## Data:

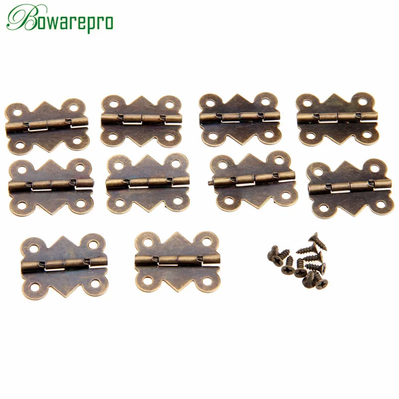 Шт. 10 шт. Античная бронзовые шарниры Мини Винтаж латунные петли для деревянной мебель хранения ювелирных изделий Подарочная коробка Петля
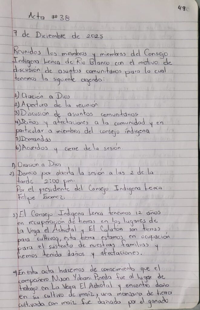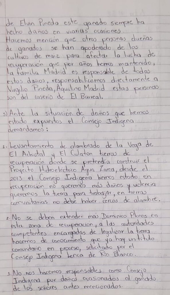 Desde hace 12 años, el Consejo Indígena Lenca mantiene un proceso legítimo de recuperación de tierras ancestrales en La Vega, El Achiotal y El Culatón, en Río Blanco territorios que han sido destinados al cultivo y sustento de nuestras familias.
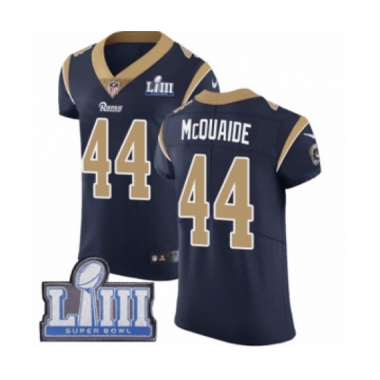 >Men's Nike Los Angeles Rams #44 Jacob McQuaide Navy Blue Team Color Vapor Untouchable Elite Player Super Bowl LIII Bound NFL Jersey

## Description of the task:
Write out the data in full and exactly as given, though without the images.

## Task response:
 Шт. 10 шт. Античная бронзовые шарниры Мини Винтаж латунные петли для деревянной мебель хранения ювелирных изделий Подарочная коробка Петля
 Desde hace 12 años, el Consejo Indígena Lenca mantiene un proceso legítimo de recuperación de tierras ancestrales en La Vega, El Achiotal y El Culatón, en Río Blanco territorios que han sido destinados al cultivo y sustento de nuestras familias.
 >Men's Nike Los Angeles Rams #44 Jacob McQuaide Navy Blue Team Color Vapor Untouchable Elite Player Super Bowl LIII Bound NFL Jersey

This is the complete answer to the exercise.